Pertuzumab and trastuzumab for HER2-positive, metastatic biliary tract cancer (MyPathway): a multicentre, open-label, phase 2a, multiple basket study
- PMID: 34339623
- DOI: 10.1016/S1470-2045(21)00336-3
Pertuzumab and trastuzumab for HER2-positive, metastatic biliary tract cancer (MyPathway): a multicentre, open-label, phase 2a, multiple basket study
Abstract
Background: Systemic therapies for metastatic biliary tract cancers are few, and patients have a median overall survival of less than 1 year. MyPathway evaluates the activity of US Food and Drug Administration-approved therapies in non-indicated tumours with potentially actionable molecular alterations. In this study, we present an analysis of patients with metastatic biliary tract cancers with HER2 amplification, overexpression, or both treated with a dual anti-HER2 regimen, pertuzumab plus trastuzumab, from MyPathway.
Methods: MyPathway is a non-randomised, multicentre, open-label, phase 2a, multiple basket study. Patients aged 18 years and older with previously treated metastatic biliary tract cancers with HER2 amplification, HER2 overexpression, or both and an Eastern Cooperative Oncology Group performance status of 0-2 were enrolled from 23 study sites in the USA and received intravenous pertuzumab (840 mg loading dose, then 420 mg every 3 weeks) plus trastuzumab (8 mg/kg loading dose, then 6 mg/kg every 3 weeks).
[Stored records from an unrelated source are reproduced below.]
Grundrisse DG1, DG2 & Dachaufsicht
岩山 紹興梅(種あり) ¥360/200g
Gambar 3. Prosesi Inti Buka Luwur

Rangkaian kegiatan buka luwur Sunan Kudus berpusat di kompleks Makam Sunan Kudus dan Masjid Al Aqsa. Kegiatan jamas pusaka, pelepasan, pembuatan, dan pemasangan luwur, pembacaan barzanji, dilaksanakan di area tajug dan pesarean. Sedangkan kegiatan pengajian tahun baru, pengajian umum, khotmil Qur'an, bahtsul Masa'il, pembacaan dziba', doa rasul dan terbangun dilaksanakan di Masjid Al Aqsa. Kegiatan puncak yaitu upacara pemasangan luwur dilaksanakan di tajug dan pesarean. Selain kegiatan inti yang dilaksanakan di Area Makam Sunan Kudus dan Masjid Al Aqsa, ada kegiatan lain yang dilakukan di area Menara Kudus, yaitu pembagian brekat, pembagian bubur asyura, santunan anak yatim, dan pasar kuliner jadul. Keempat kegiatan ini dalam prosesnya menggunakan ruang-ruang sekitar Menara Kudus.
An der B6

The primary endpoint was investigator-assessed objective response rate according to Response Evaluation Criteria in Solid Tumors (RECIST) version 1.1. The primary outcome and adverse events were analysed in all patients who received at least one dose of pertuzumab and trastuzumab. This trial is registered with ClinicalTrials.gov, NCT02091141, and is ongoing.
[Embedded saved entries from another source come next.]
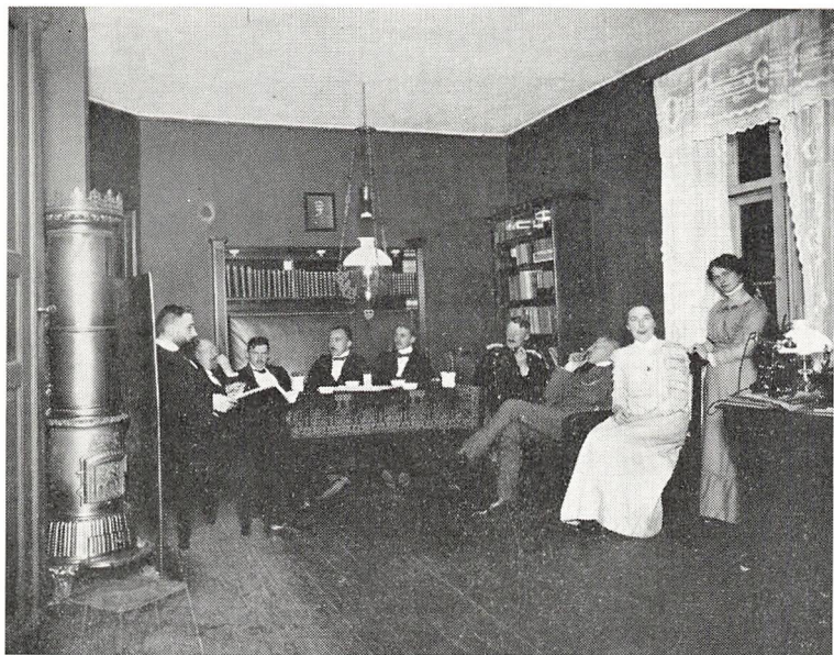
Lærermøde på Fengers skole ca. 1910.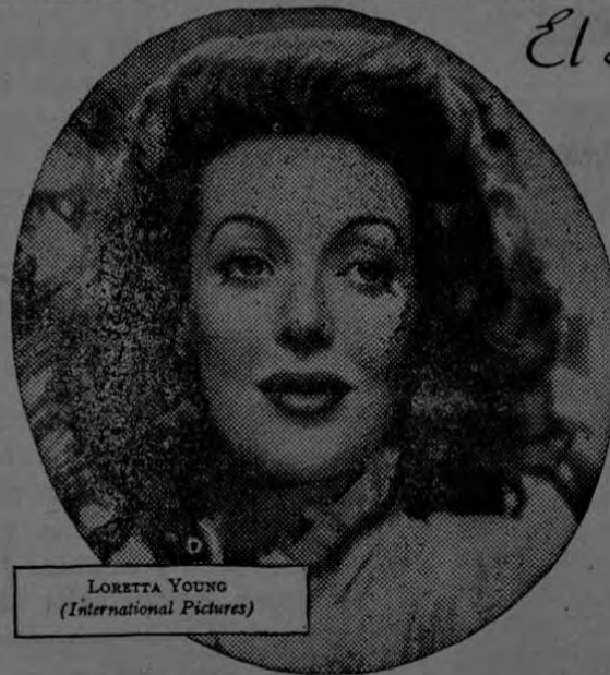
LORETTA YOUNG (International Pictures)

La mayor parte de sus estrellas favoritas emplean Jabón Lux de Tocador para el cuidado de su aterciopelado cutis—y entre ellas figura también la encantadora Loretta Young.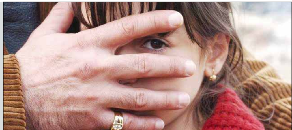
La locandina del film di Marco Amenta "La siciliana ribelle"

- gli indagati furono prosciolti): dentro, un monumento ai tesori locali, l'ulivo e la vite. Ci sono due commemorazioni il 26 luglio, quella ufficiale in chiesa e quella al cimitero, voluta dall'associazione antimafia Rita Atria". L'accusa rivolta a Partanna è di essere una città che vuole dimenticare un certo suo passato. Sarà forse vero e potrebbe anche essere utile fare tesoro di questi "affondi" nazionali sulle "carni" locali per prenderne coscienza, evitare di dare occasione per far parlare male di sé e per avere in ultima analisi le carte a posto per potere discutere, agli occhi di chiunque finalmente a buon diritto e con giustificato orgoglio, delle cose positive del paese (alcune delle quali citate dal sindaco, dall'assessore alla cultura, dalla presidente dell'associazione femminile e dal preside) senza il timore di essere continuamente criticati per la "rimozione" del passato e per l'immagine irrimovibile di paese di mafia di cui si deve parlare solo per questo. A Partanna c'è anche altro (dai tesori archeologici di Contrada Stretto al Castello medievale, alla Chiesa Madre, all'olio, al vino, al miele, ecc.). L'ideale sarebbe che i locali riuscissero a far parlare i giornali nazionali anche di quest'altro (sul tema interviene il prof. Pino Crinelli a p. 7).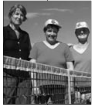
Die Mannschaft des Ortschaftsrats wurde diesmal nur Achter, hatte aber ihren größten Fan gleich selbst mitgebracht

So viele Attraktionen hatte das Sommerfest mit dem Turnier der örtlichen Vereine des TCK noch selten: Sommer pur bei bestem Tenniswetter, Geschicklichkeitsspiele für die Teilnehmer und die Zuschauer, Live-Übertragung des WM-Finales, Bewirtung für jeden Geschmack, zum ersten Mal eine reine Damenmannschaft des Ortschaftsrates und die AH (Attraktive Herren!) des TSV. Acht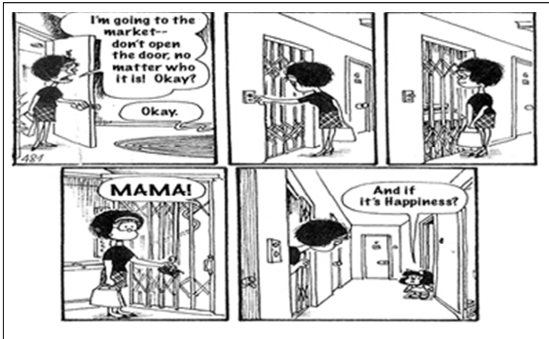
Figura 1 – Tira da Mafalda Fonte: Quarto da carochinha

da segurança muitas vezes as pessoas tornam-se reféns em suas casas ou infringem leis de trânsito.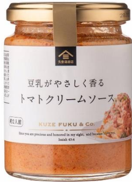
豆乳がやさしく香る トマトクリームソース 734 円⇒580 円（税込）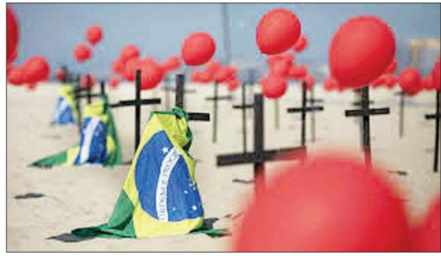
ဘရာဇီးနိုင်ငံ ရီယိုဒီဂျနေရိုးရှိ ကိုပါကာဘာနာကမ်းခြေ သဲသောင်ပြင်ပေါ်တွင် ကိုဗစ်-၁၉ ကြောင့် သေဆုံးသွားသူများအတွက် အောက်မေ့ဖွယ် အနီရောင်ဘောလုံးများ၊ ဘရာဇီးအလံများနှင့် လက်ဝါးကပ်တိုင်များကို စိုက်ထူထားသည်ကို တွေ့ရစဉ်။

ရီယိုဒီဂျနေရိုး မေ ၆ ဘရာဇီးနိုင်ငံတွင် လွန်ခဲ့သော ၂၄ နာရီအတွင်း ကိုဗစ်-၁၉ ဖြင့် ထပ်မံသေဆုံးသူ ၂၅၀၁ ဦးရှိလာကြောင်း မှတ်တမ်းတင်ဖော်ပြခြင်းအပါအဝင် စုစုပေါင်းသေဆုံးသူ ၄၁၄၃၉၉ ဦးရှိလာပြီဖြစ်ကြောင်း ကျန်းမာရေး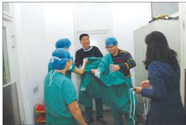
社会监督员穿起手术服体验手术环境。

近几年,青岛市第三人民医院以“医院迁建”为契机,通过加强学科建设,引进高层次人才,缩小南北差距,全面提升医护服务水平。2011年医院成为卫生部在青岛市唯一的全国病理切片远程会诊系统成员单位,2012年医院妇产科成为中国医师协会青岛地区首家妇科内分泌培训基地。妇产科的子宫肌瘤自凝刀射频治疗、内科的心脑血管疾病的诊疗被评为青岛市卫生行业特色专科。同时,医院加大人才引进和培养力度,实施有计划、有步骤地外出进修战略计划。2010年以来,医院引进乳腺外科、肝胆外科、心血管内科、神经内科等专科学科带头人8名,选送外出进修学习人员47人,招聘硕士研究生22人,选送6名业务骨干赴奥地利进行技术培训。新三医启用后,医院将成为功能布局更加合理、诊疗流程更加科学、就医环境更加舒适的三级综合医院。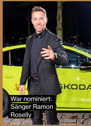
War nominiert: Sänger Ramon Roselly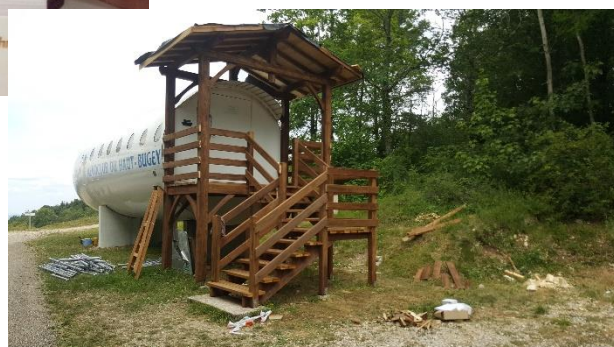
Altiport de CORLIER Charpente et Couverture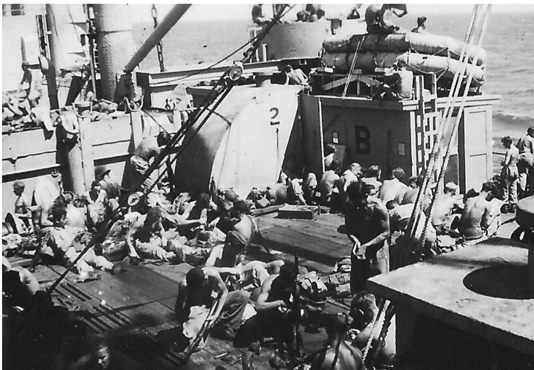
Aan boord v.d. Sommelsdijk. (foto J.v.d.Heijden)

11 Maart 1946 , Op de rede van Semarang. Ieder vraagt zich af hoe we ontvangen zullen worden. Het is 13.30 uur. 2-13 R.I. is reeds aan land.

Findings: 39 patients enrolled in the MyPathway HER2 biliary tract cancer cohort between Oct 28, 2014, and May 29, 2019, were evaluable for anti-tumour activity by the March 10, 2020, data cutoff date. Median follow-up was 8·1 months (IQR 2·7-15·7). Nine of 39 patients achieved a partial response (objective response rate 23% [95% CI 11-39]). Grade 3-4 treatment-emergent adverse events were reported in 18 (46%) of 39 patients, most commonly increased alanine aminotransferase and increased aspartate aminotransferase (each five [13%] of 39). Treatment-related grade 3 adverse events were reported in three (8%) of 39 patients, including increased alanine aminotransferase, aspartate aminotransferase, blood alkaline phosphatase, and blood bilirubin. Serious treatment-emergent adverse events were observed in ten (26%) of 39 patients, of which only abdominal pain occurred in more than one patient (two [5%] of 39). There were no treatment-related serious adverse events, treatment-related grade 4 events, or deaths.
Interpretation: Treatment was well tolerated in patients with previously treated HER2-positive metastatic biliary tract cancer. The response rate is promising for the initiation of randomised, controlled trials of pertuzumab plus trastuzumab in this patient population.
Funding: F Hoffmann-La Roche-Genentech.
Copyright © 2021 Elsevier Ltd. All rights reserved.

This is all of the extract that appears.